Discussing aged care services with ageing parents has its challenges. While some older adults are happy to start the conversation, others might have never thought about their future care needs. Often people perceive aged care as the start to the end and don’t have a solid grasp on what their options are.
Getting your head around aged care doesn’t have to be overwhelming. Becoming informed about the aged care options available in Australia will help you support and guide your ageing parents. With knowledge comes comfort and a reduction in confusion and fear. Here’s some helpful information to get the aged care conversation started with your loved ones.
When your parents get older, they could be eligible to receive government-subsidized aged care support services. To meet eligibility under the current system they’ll need to meet certain criteria. They’ll need to be 65 years or older, or 50 years or older if they identify as Aboriginal or Torres Strait Islander. Also, if they’re a low-income earner, they could be eligible at 50 years or older. Furthermore, they’ll need to be at the point of requiring help and support in order to continue activities of daily living.
To receive aged care government financial assistance, they’ll firstly require an Aged Care Assessment (ACAT). In order to start this process, you’ll need to call My Aged Care (1800 200 422) or visit them at www.myagedcare.gov.au. My Aged Care is the Australian government service that helps ageing Australians and their families to access aged care support and information. It’s the entry point to the aged care system. It’s where you go to arrange assessments and gain information to access aged care services.
Even if you believe that your family earns too much to receive government-subsidized aged care, it’s a requirement that your parents have an ACAT to enter an aged care facility. While that may not be an immediate thought, the time may come when they’re no longer able to remain at home and require additional support.
How to start planning to have the conversation
Before discussing aged care support services with your parents, inform yourself as much as possible about the options available. Speak with your family. If someone already has Enduring Power of Attorney or Enduring Guardianship, consider that person as the primary contact. This could be the person that helps the parents throughout the process. They could support them at assessments, help to fill in forms, and navigate options with them. It’s often a good idea to have one main contact person.
So often life changes suddenly. Your elderly parents were likely going about their daily business one day, and then something happened out of the blue that sparked your concerns. It might have been a fall that required sudden hospital admission, or another issue. While every situation is different it’s common for your parents’ situation to change without notice.
If your loved one requires care urgently and they’re in the hospital, they’ll meet with a discharge planner. A discharge planner or social worker at the hospital is the person who usually arranges an ACAT. There are options to consider if your parents are going to need assistance with activities of daily living to remain at home.
Firstly, if they’re in the hospital, it’s possible that they’ll be transferred to rehabilitation prior to discharge. This is in order to improve their health status and prepare them for discharge. Other people may be eligible for hospital-in-the-home if they need ongoing hospital treatment for a period of time. Alternatively, if they’ve had an ACAT and have approval for transitional care, this is a valid option for support after discharge. You’ll need to book an appointment with the hospital social worker or discharge planner. Discussions with the social worker could include concerns and options to improve and support the health outcomes for your parent(s).
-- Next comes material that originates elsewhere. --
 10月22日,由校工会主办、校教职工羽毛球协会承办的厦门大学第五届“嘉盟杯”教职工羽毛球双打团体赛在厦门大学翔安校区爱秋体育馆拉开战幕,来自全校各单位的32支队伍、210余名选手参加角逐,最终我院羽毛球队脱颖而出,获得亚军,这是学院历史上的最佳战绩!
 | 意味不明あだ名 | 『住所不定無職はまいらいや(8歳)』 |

Transitional care supports people that are transitioning from hospital or care, back into their homes. It’s suitable for people that need extra recovery time when they leave the hospital. It allows extra time to look at where the person is going to live in the long term. Transition care is a short-term program. It’s offered in the home or in some cases in a health or aged care facility.
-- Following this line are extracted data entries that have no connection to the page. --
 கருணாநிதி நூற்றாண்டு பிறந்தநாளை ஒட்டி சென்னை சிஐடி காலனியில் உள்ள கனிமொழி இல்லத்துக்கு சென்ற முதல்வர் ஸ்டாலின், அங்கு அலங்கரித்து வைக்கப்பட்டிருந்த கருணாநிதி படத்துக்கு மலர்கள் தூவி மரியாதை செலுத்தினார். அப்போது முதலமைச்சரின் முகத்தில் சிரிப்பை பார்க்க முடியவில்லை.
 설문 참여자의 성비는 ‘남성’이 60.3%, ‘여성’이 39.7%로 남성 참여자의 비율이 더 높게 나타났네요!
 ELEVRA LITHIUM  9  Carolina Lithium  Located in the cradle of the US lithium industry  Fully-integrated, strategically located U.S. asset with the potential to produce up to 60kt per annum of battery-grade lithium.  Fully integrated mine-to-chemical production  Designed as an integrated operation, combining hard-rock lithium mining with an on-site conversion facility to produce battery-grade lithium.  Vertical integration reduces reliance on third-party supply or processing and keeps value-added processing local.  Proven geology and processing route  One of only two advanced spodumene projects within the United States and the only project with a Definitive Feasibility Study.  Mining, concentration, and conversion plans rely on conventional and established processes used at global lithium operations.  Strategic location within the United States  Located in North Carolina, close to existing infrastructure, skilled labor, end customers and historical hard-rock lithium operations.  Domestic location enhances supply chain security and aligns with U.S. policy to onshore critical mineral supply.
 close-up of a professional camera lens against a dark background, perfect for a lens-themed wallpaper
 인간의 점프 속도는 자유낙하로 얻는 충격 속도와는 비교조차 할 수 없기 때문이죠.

Many people won’t need aged care. But the earlier that you discuss the future with your parents, the more equipped you’ll be to support them if they enter the aged care journey. If the discussion has never taken place, usually a change in health status will be the driving force to discuss future care planning. This could be a change in cognitive ability, mobility, or ability to manage activities of daily living independently.
As a support person, you can discuss matters such as your parents getting their legal affairs in order. Legal matters could include Advanced Health Directives and the Enduring Power of Attorney. You could also ask them about their future concerns, and what they foresee their care goals and care needs to be. Would they see themselves as moving into an aged care facility? Or would they see themselves receiving home care? Some parents might envisage finding somewhere where they’d be comfortable to age in place.
Unquestionably, it’s their lives and their decisions to be made. All you can do as their adult child is to support their decisions as best as possible.
Many people will never step foot into an aged care facility. However, it may be the best option for some people who are unable to receive the care and support required to remain at home safely. Whatever you and your parents agree upon, there are many options to support your loved one to remain at home, to move somewhere that suits them better to age in place, to transition from hospital to home, or to make the leap into an aged care facility. Being well informed about your options, and starting discussions with your parents before the need for aged care arises, will ensure you’re prepared and on the same page when moving into the future.